▸ **WORK INSTRUCTIONS**
Your answer must be the lines from the start of the records through the line with "18th century Reed", exactly as written, without the pictures.

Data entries

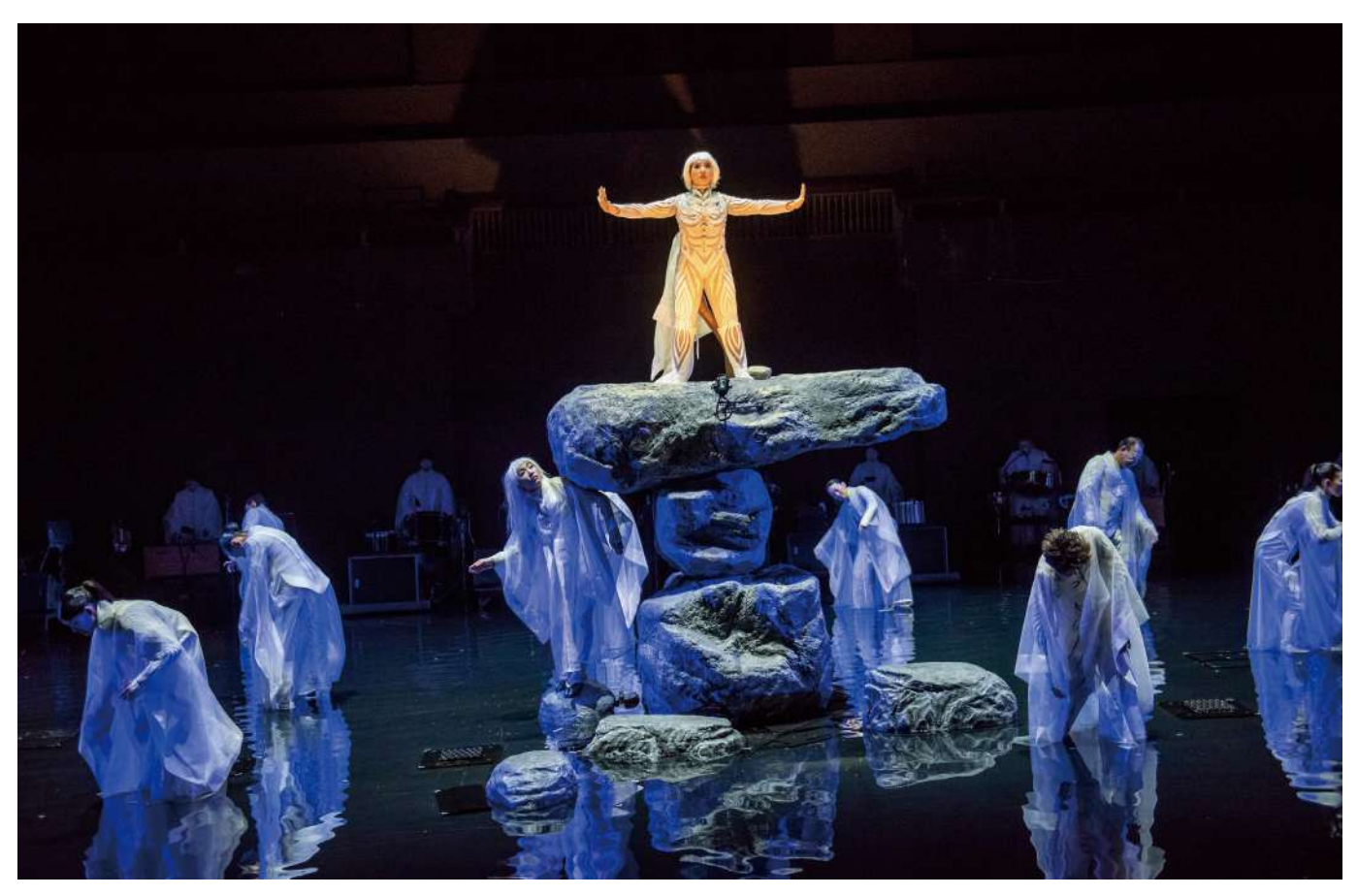
A performance of "Antigone" in New York as an official "Japan 2019" project.

From traditional performing arts to contemporary theater, the Japan Foundation has shared its excitement with overseas audiences through the introduction of Japan's unique performing arts. It was the tireless efforts and enthusiasm of all involved that led to the realization of these historic performances.
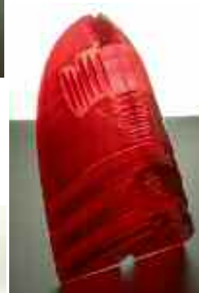
1955 Tail Lamp XXLAT003955
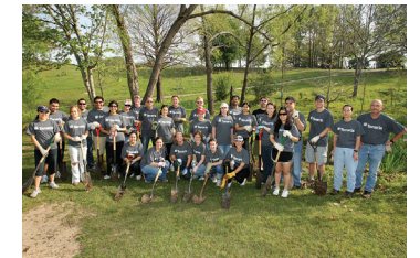
Promoting a corporate culture of volunteerism.

Tenaris encourages its employees to volunteer and give back to the local community. Our employees give their time, talent and energy to many worthwhile causes in the U.S. and around the world. We encourage volunteerism through company-sponsored events and on an individual basis.
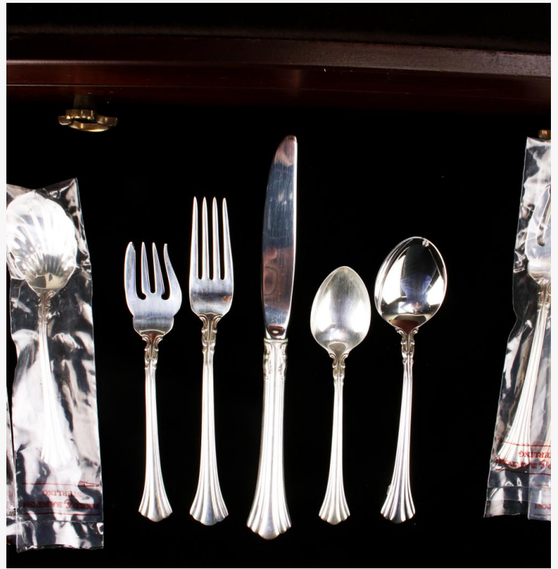
18th century Reed & Barton sterling silver service with many serving pieces, for a total of 47 pieces, new in the wrapping, never used, includes a two-level silver chest (est. $2,000-$4,000).

Two lighting-related lots have estimates of $200-$400. The first is an antique wrought iron Gothic Revival pendant light, hexagonal form, with twisted columns and decorated with flower and bud ornamentation. The second is a pair of sterling weighted
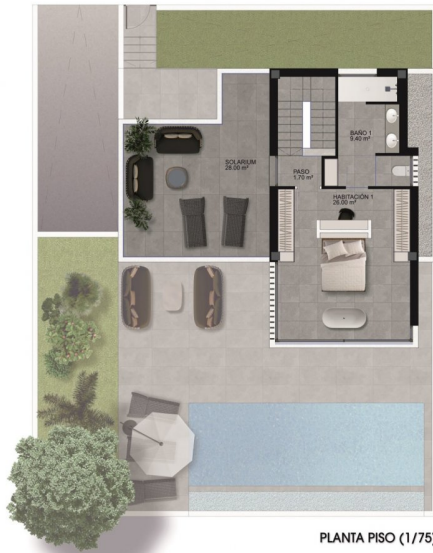
PLANTA PISO (1/75)
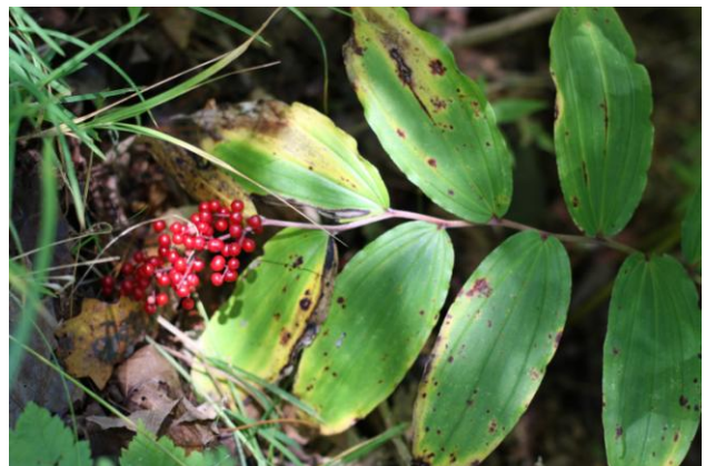
False Solomon's Seal
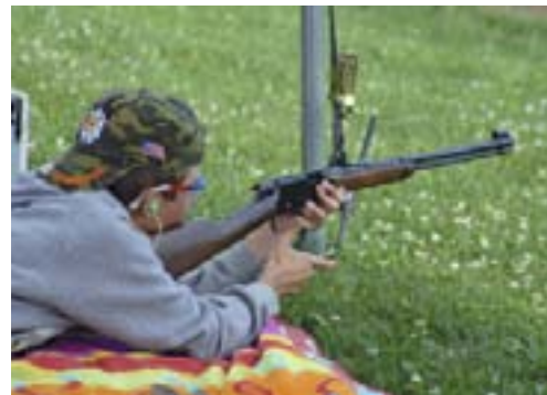
Rimfire sporter attracts lots of juniors who are able to compete successfully with a variety of lever, bolt, pump and semi-auto rifles.
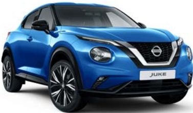
Vivid Blue (M) - RCA**
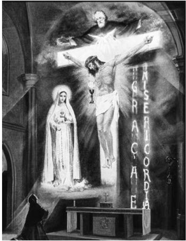
The vision on June 13, 1929 in Tuy

‘The moment has come when God asks the Holy Father to make, in union with all the bishops of the world, the consecration of Russia to my Immaculate Heart, promising to save it by this means. So numerous are the souls which the justice of God condemns for sins committed against me, that I come to ask for reparation. Sacrifice yourself for this intention and pray.’
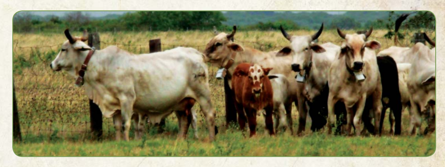
THE LONE STAR HEALTHY STREAMS PROGRAM TEACHES OWNERS OF CATTLE OPERATIONS AND OTHER LIVESTOCK OPERATIONS HOW TO REDUCE BACTERIAL LOADING IN TEXAS WATERWAYS.

Institute (TWRI). "It will provide a one-stop shop for the livestock industry and natural resource agencies to access information regarding bacterial water quality issues related to livestock, as well as measures that can be implemented in response to development of Total Maximum Daily Loads, TMDL implementation plans, and watershed protection plans throughout Texas."
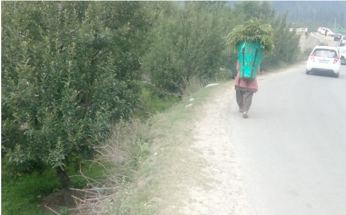
Figure 6: Apple Orchard Near Palchan Village, Manali

Some other methods like grass seeding, tree or shrub seeding, bamboo planting and turfing reduce landslides impacts and it holds some potential applicability between Kullu-Rohtang Pass area.
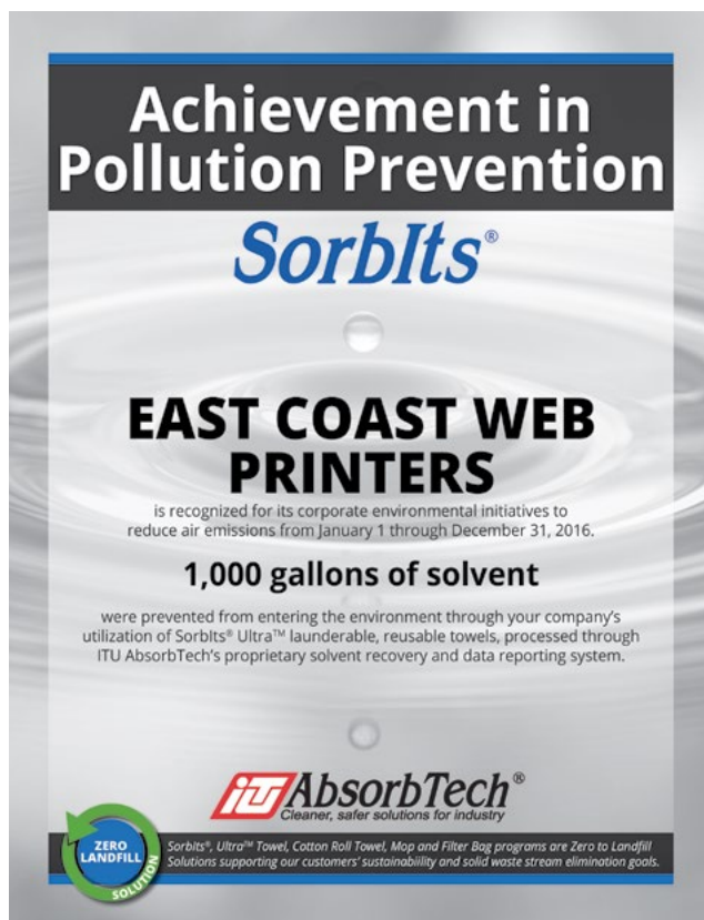
Sample Solvent Recovery Certificate
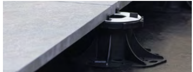
DC9801 Basic Disc
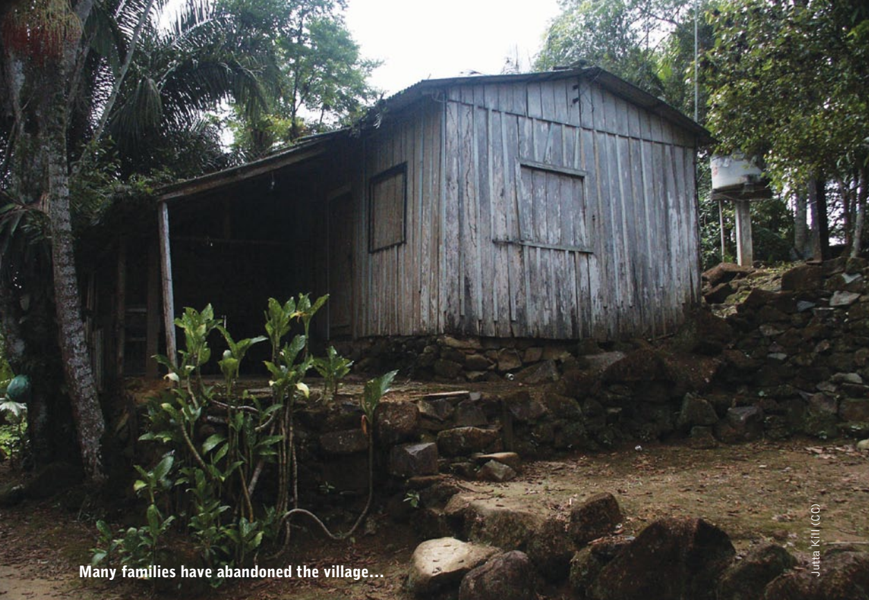
Many families have abandoned the village...

▸ **RESPONSE TO THE TASK**
A performance of "Antigone" in New York as an official "Japan 2019" project.

From traditional performing arts to contemporary theater, the Japan Foundation has shared its excitement with overseas audiences through the introduction of Japan's unique performing arts. It was the tireless efforts and enthusiasm of all involved that led to the realization of these historic performances.
1955 Tail Lamp XXLAT003955
Promoting a corporate culture of volunteerism.

Tenaris encourages its employees to volunteer and give back to the local community. Our employees give their time, talent and energy to many worthwhile causes in the U.S. and around the world. We encourage volunteerism through company-sponsored events and on an individual basis.
18th century Reed & Barton sterling silver service with many serving pieces, for a total of 47 pieces, new in the wrapping, never used, includes a two-level silver chest (est. $2,000-$4,000).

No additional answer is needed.